**Stored data**
--- START ---

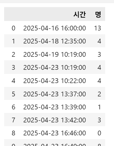 - 제가 주로 이동하는 시간인 출퇴근/점심시간/퇴근 시간에 수시로 22개 수기 수집
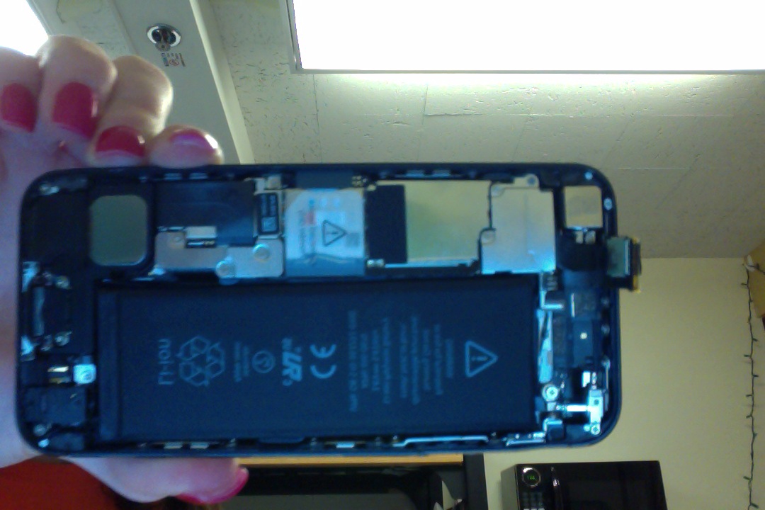 My iPhone 5 was thrown against a wall and busted open. The front half was barely connected to the back half, the screen was black, but lights were still on and it still made noise. I stupidly pulled it apart completely so there is no reactivity at all. Based on pictures I've seen of the inside hardware, it doesn't look in too bad of shape except for one thing. At the very top right there's a metal square, and directly next to it I have like three black "tag-like" things sticking out all on top of each other stemming from the same place. The very bottom was says "76 mk" on it and a bunch of different numbers, the middle one has numbers on one side, a brownish end, and a metal chip thing on the other side, and then there's the outer one with nothing on it that looks like it potentially might have been broken off. I don't know if this is making any sense at all, but any techy people out there, is there anything I can do to fix it up enough so I can plug it into my computer and get my stuff (photos, contacts, etc.) off of it by doing a backup.
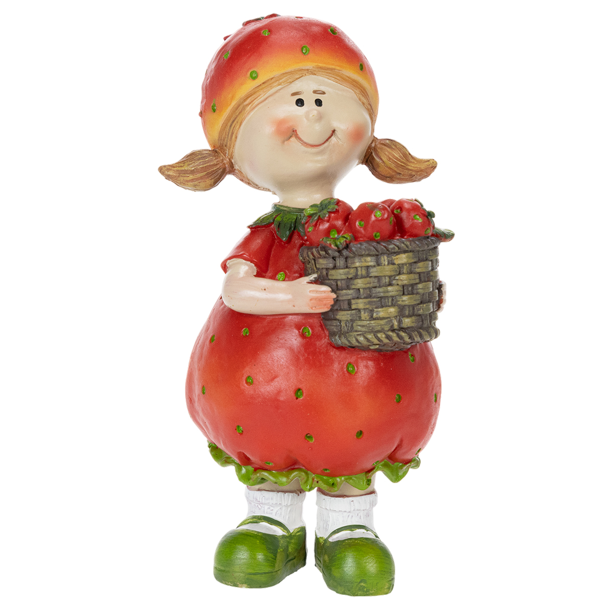 Figúrka Jahodové dievčatko s výškou 18 centimetrov a prepracovanými detailmi je dekoratívna figúrka, ktorá dodá každej miestnosti nádych rozprávkovej mágie. Figúrka v žiarivej červenej a zelenej farbe je ideálna na ozdobenie balkónových kútov plných rastlín, poličiek v obývačke alebo letných párty stolov. Rozkošné jahodové šaty, sladké zapletené vlasy a košík preplnený jahodami vytvárajú harmonický celkový vzhľad.
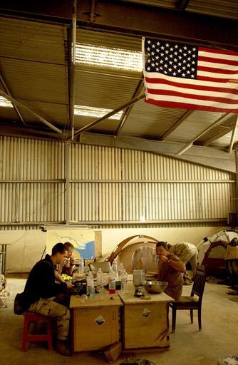 | Keywords: US Navy 030328-N-3783H-345 Members of Commander Task Unit (CTU-55.4.3) eat breakfast in the warehouse they've occupied at the port of Umm Qasr, Iraq.jpg en Umm Qasr Iraq Mar 28 2003 -- Members of Commander Task Unit CTU-55 4 3 eat breakfast in the warehouse they've occupied at the port of Umm Qasr Iraq CTU-55 4 3 consists of U S Naval Special Clearance Team-1 Explosive Ordnance Disposal Mobile Units 6 and 8 Fleet Diving Unit 3 from the United Kingdom and a Clearance Dive Team from Australia all are conducting deep/shallow water mine counter measure operations to clear shipping lanes The unit was instrumental in clearing the way for the British Royal Fleet Auxiliary Landing Ship Logistic RFA Sir Galahad L 3005 which delivered the first wave of humanitarian aid in support of Operation Iraqi Freedom Operation Iraqi Freedom is the multi-national coalition effort to liberate the Iraqi people eliminate Iraq s weapons of mass destruction and end the regime of Saddam Hussein U S Navy photo Photographer s Mate 2nd Class Bob Houlihan RELEASED 2003-03-28 030328-N-3783H-345 Navy http //www navy mil/view_image asp id 5955 U S Navy photo PD-USGov-Military-Navy Umm Qasr in the Iraq War United States Navy Explosive Ordnance Disposal |

--- END ---

**Aim of the task**
Write the listing above out again exactly, but not the images it holds.

**Result of this exercise**
 - 제가 주로 이동하는 시간인 출퇴근/점심시간/퇴근 시간에 수시로 22개 수기 수집
 My iPhone 5 was thrown against a wall and busted open. The front half was barely connected to the back half, the screen was black, but lights were still on and it still made noise. I stupidly pulled it apart completely so there is no reactivity at all. Based on pictures I've seen of the inside hardware, it doesn't look in too bad of shape except for one thing. At the very top right there's a metal square, and directly next to it I have like three black "tag-like" things sticking out all on top of each other stemming from the same place. The very bottom was says "76 mk" on it and a bunch of different numbers, the middle one has numbers on one side, a brownish end, and a metal chip thing on the other side, and then there's the outer one with nothing on it that looks like it potentially might have been broken off. I don't know if this is making any sense at all, but any techy people out there, is there anything I can do to fix it up enough so I can plug it into my computer and get my stuff (photos, contacts, etc.) off of it by doing a backup.
 Figúrka Jahodové dievčatko s výškou 18 centimetrov a prepracovanými detailmi je dekoratívna figúrka, ktorá dodá každej miestnosti nádych rozprávkovej mágie. Figúrka v žiarivej červenej a zelenej farbe je ideálna na ozdobenie balkónových kútov plných rastlín, poličiek v obývačke alebo letných párty stolov. Rozkošné jahodové šaty, sladké zapletené vlasy a košík preplnený jahodami vytvárajú harmonický celkový vzhľad.
 | Keywords: US Navy 030328-N-3783H-345 Members of Commander Task Unit (CTU-55.4.3) eat breakfast in the warehouse they've occupied at the port of Umm Qasr, Iraq.jpg en Umm Qasr Iraq Mar 28 2003 -- Members of Commander Task Unit CTU-55 4 3 eat breakfast in the warehouse they've occupied at the port of Umm Qasr Iraq CTU-55 4 3 consists of U S Naval Special Clearance Team-1 Explosive Ordnance Disposal Mobile Units 6 and 8 Fleet Diving Unit 3 from the United Kingdom and a Clearance Dive Team from Australia all are conducting deep/shallow water mine counter measure operations to clear shipping lanes The unit was instrumental in clearing the way for the British Royal Fleet Auxiliary Landing Ship Logistic RFA Sir Galahad L 3005 which delivered the first wave of humanitarian aid in support of Operation Iraqi Freedom Operation Iraqi Freedom is the multi-national coalition effort to liberate the Iraqi people eliminate Iraq s weapons of mass destruction and end the regime of Saddam Hussein U S Navy photo Photographer s Mate 2nd Class Bob Houlihan RELEASED 2003-03-28 030328-N-3783H-345 Navy http //www navy mil/view_image asp id 5955 U S Navy photo PD-USGov-Military-Navy Umm Qasr in the Iraq War United States Navy Explosive Ordnance Disposal |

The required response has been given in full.